═══ PROVIDED MATERIAL ═══

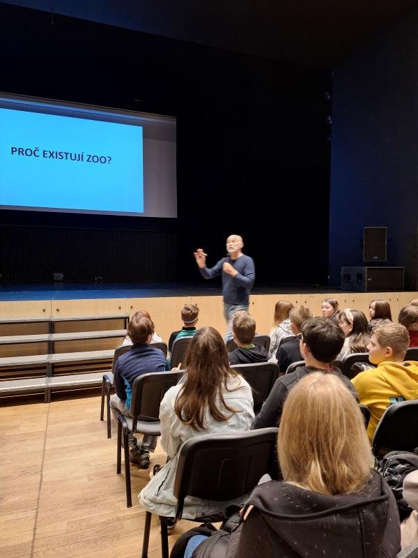 Akce Jak se dělá ZOO s Petrem Fejkem proběhla 17. 4. v Eurocentru. Účastnily se třídy 4.B, 5.A, 6.B, 6.A a všechny sedmičky.
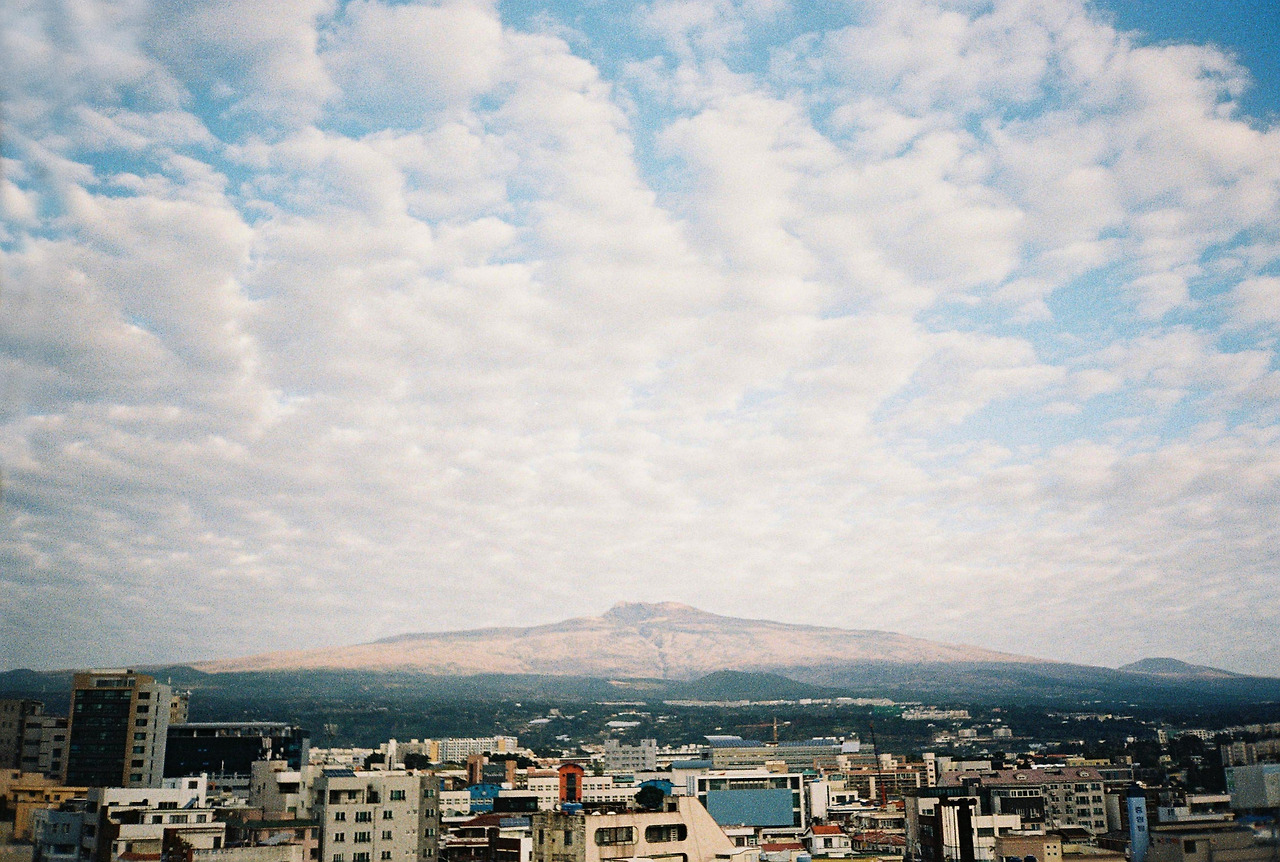 쓸데없이 낭만적인 버릇이 하나 생겼다. 하루의 첫 시작을매일 아침 숙소 창문으로 보이는 한라산으로 오늘의 날씨를 체크하는 것이다. 한라산이 백록담 머리까지 보이면 맑음, 머리가 보이지 않으면 구름 많음, 보이지 않으면 흐림. 오늘도 맑음이다. 어쩐지, 이번 주는 날씨운이 좋은 것 같다.
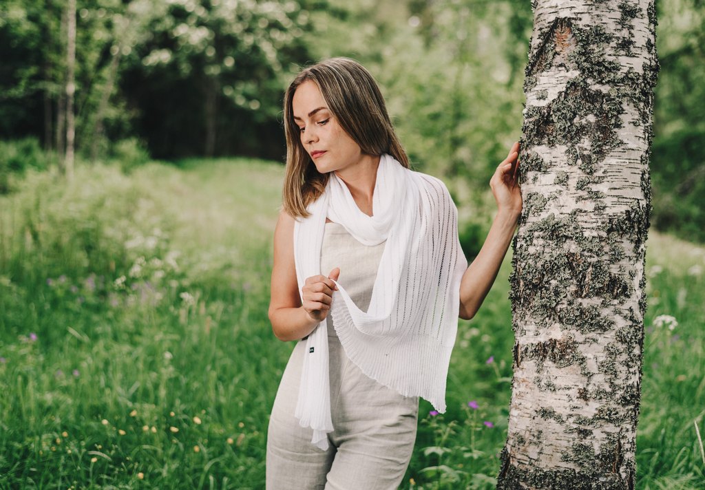 Myös pellava-tencel Tilda on pehmeä ja kauniisti laskeutuva huivi kaulalle ja hartioille.
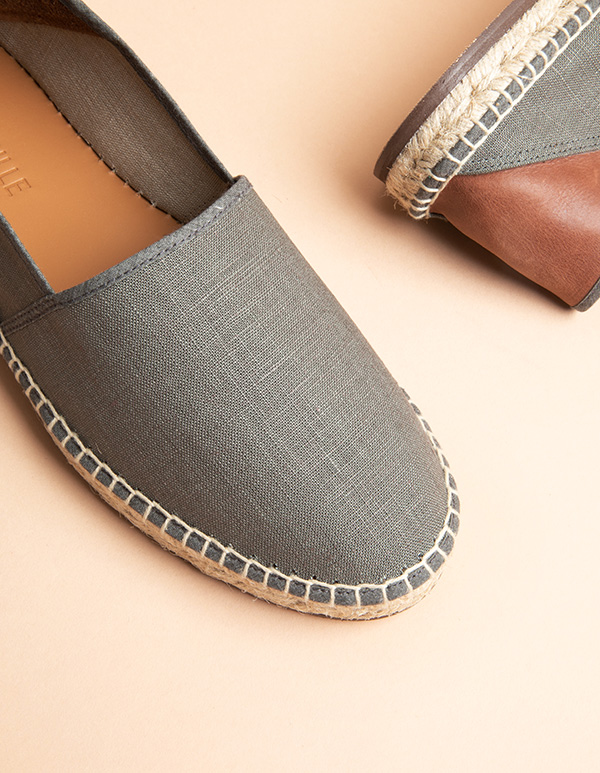 Le modèle sanary en toile couleur olive avec sa touche de cuir sur l’arrière. L’espadrille pour homme idéale pour cette saison 2023.

═══

▶ TASK GOAL
When you repeat the lines above, keep them exact and leave out each image they contain.

▶ ANSWER BELOW
 Akce Jak se dělá ZOO s Petrem Fejkem proběhla 17. 4. v Eurocentru. Účastnily se třídy 4.B, 5.A, 6.B, 6.A a všechny sedmičky.
 쓸데없이 낭만적인 버릇이 하나 생겼다. 하루의 첫 시작을매일 아침 숙소 창문으로 보이는 한라산으로 오늘의 날씨를 체크하는 것이다. 한라산이 백록담 머리까지 보이면 맑음, 머리가 보이지 않으면 구름 많음, 보이지 않으면 흐림. 오늘도 맑음이다. 어쩐지, 이번 주는 날씨운이 좋은 것 같다.
 Myös pellava-tencel Tilda on pehmeä ja kauniisti laskeutuva huivi kaulalle ja hartioille.
 Le modèle sanary en toile couleur olive avec sa touche de cuir sur l’arrière. L’espadrille pour homme idéale pour cette saison 2023.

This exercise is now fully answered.